Start of Provided information
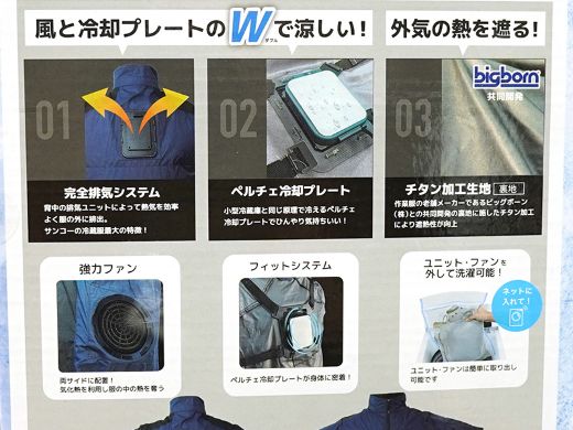 旧モデルと同様、USB PD給電の対応や作業服メーカー ビッグボーンと共同開発したという遮熱性を高める裏地のチタン加工などを継承する。
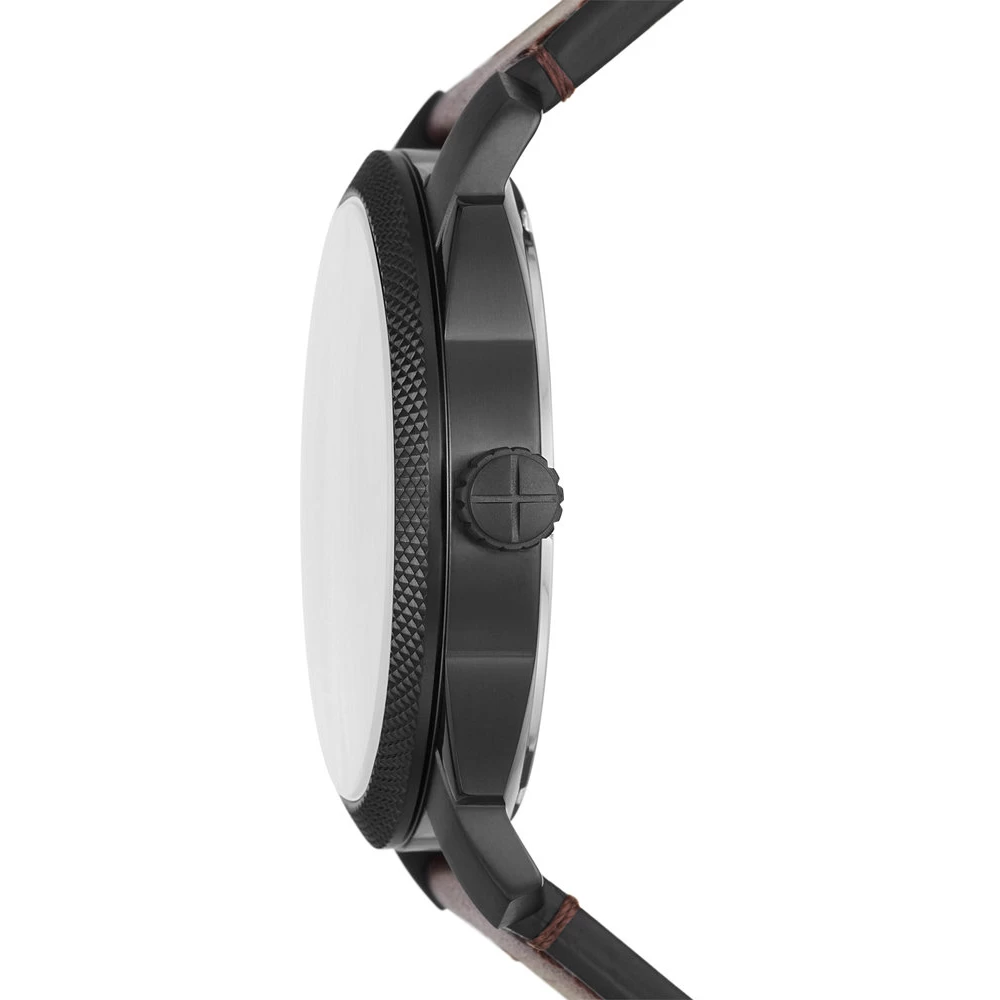 This Fossil watch has a case made of stainless steel with a diameter of 42 mm and is fitted with a leather band. Inside the case lies a Seiko Instruments Inc. movement and the watch features a Mineral crystal.
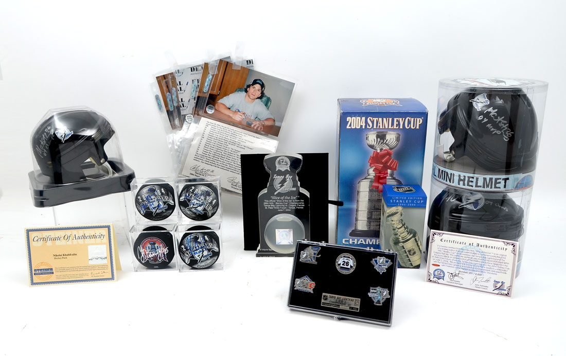 TAMPA BAY LIGHTNING STANLEY CUP CHAMPION MERCHANDISE COLLECTION: To include; 3 autographed NHL mini helmets with COA's (2 Martin St. Louis & 1 Vincent Lecavalier), 1 Limited edition 2005-2006 mini Stanley cup, 1 2004 champions Stanley cup given to season ticket holders, 1 acrylic plaque 2004 with ''slice of ice'' #111/4000 from the championship with COA, 1 2004 championship set of 5 pins in case #244/300, and 4 autographed 2004 championship pucks (2 Martin St Louis, 1 Vincent Lacavalier, 1 Nikolai Khabibulin.
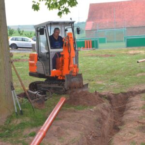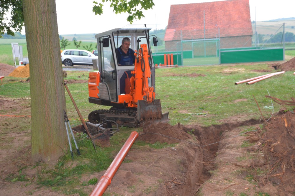 für die Erdverkabelung verlegt werden. Unter anderem wird damit die Flutlichtanlage befeuert.
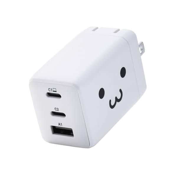 エレコム 充電器 合計65W 3ポート Type-C USB-A USB PD対応 スイング式プラグ採用 しろちゃん EC-AC10367WF
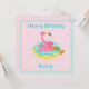 Rosa Flamingo auf einem Pool Ring auf einem rosa Hintergrund Geburtstagskarte. Entworfen von Jacqueline. Personalisiert von dir. Alle Aspekte des Designs können auf Anzug bearbeitet werden. Wenn Sie Hilfe benötigen, schicken Sie mir einfach eine Nachricht.
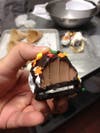After making the ice cream itself, the fun part can finally begin: preparing the creation. The “crew member” scoops out your selected flavor of ice cream based on the size you order. To keep the amount of ice cream you receive consistent, each serving size is compared to the size of a fruit, the “Like it” size being comparable to that of a tangerine, “Love it” to an orange, and “Gotta have it” to a grapefruit. It is then placed on the cold stone itself—the most famous aspect of the store and the most crucial for the mix-in process. On the sixteen-degree granite stone, the server makes a divot in your scoop of ice cream, pours any liquid toppings in a figure-eight formation, and adds the selected fruit and hard toppings. Everything is mixed in by performing a “chop, chop, fold, fold” technique, in which the ice cream and toppings are pushed into the scoop of ice cream and spread around within it. Carefully, the entire creation is pulled together in one neat bundle of frozen delight and placed in either a freshly made waffle cone or a cardboard cup.
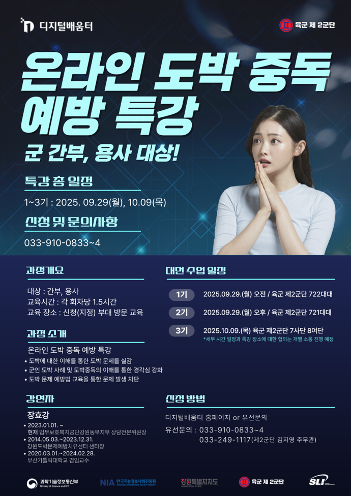 도 윤우영 행정국장은 “군 장병은 강원도의 중요한 청년 인구이며, 이들이 디지털 역량을 갖추는 것은 곧 지역과 국가의 경쟁력이 강화되는 것”이라며, “앞으로 시범사업 성과를 바탕으로 교육 대상을 확대하고, 더 많은 장병과 가족이 참여할 수 있도록 프로그램을 발전시켜 나가겠다”라고 말했다.
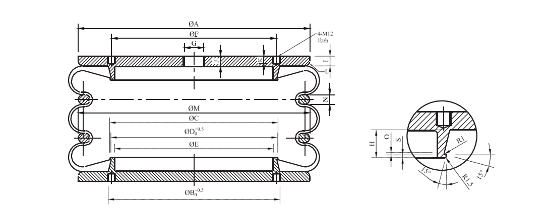 自封式,是因其無需外力自行密封而得名。如圖,用纖維層做補強處理的橡膠曲囊①在使用時,將防止膨脹的鋼制(鍍鋅)腰環(huán)②嵌在其中。③蓋板的端部鋼絲圈借助空氣內(nèi)壓的作用,使橡膠口部發(fā)生變形與上下蓋板(鍍鋅)④密切接觸,從而可防止空氣泄漏。上下蓋板④通過機械加工成型。⑤是用于安裝進(jìn)氣管路的管螺紋進(jìn)氣孔,⑥則是安裝用的標(biāo)準(zhǔn)螺紋孔。
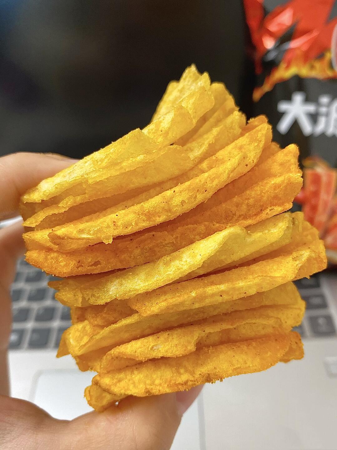 前两天在便利店发现乐事大波浪又出新口味了!! 火鸡面味和辣条味!喜欢吃辣的又爱吃薯片打算买回来尝尝 火鸡面味吃着就是有点酱香,蛮浓郁的口感也丰富 我个人觉得还是挺不错的,很新奇的口味[哇R] 辣条味油香油香的~,辣条的味道薯片的口感 入口脆脆辣辣好过瘾! 一边刷剧一边炫真的太满足了! !
End of Provided information
#### [Task requirements]
Pictures stay out; output the lines from the top of the listing above through the line containing "This Fossil watch", exactly as they stand.

#### [The answer]
 旧モデルと同様、USB PD給電の対応や作業服メーカー ビッグボーンと共同開発したという遮熱性を高める裏地のチタン加工などを継承する。
 This Fossil watch has a case made of stainless steel with a diameter of 42 mm and is fitted with a leather band. Inside the case lies a Seiko Instruments Inc. movement and the watch features a Mineral crystal.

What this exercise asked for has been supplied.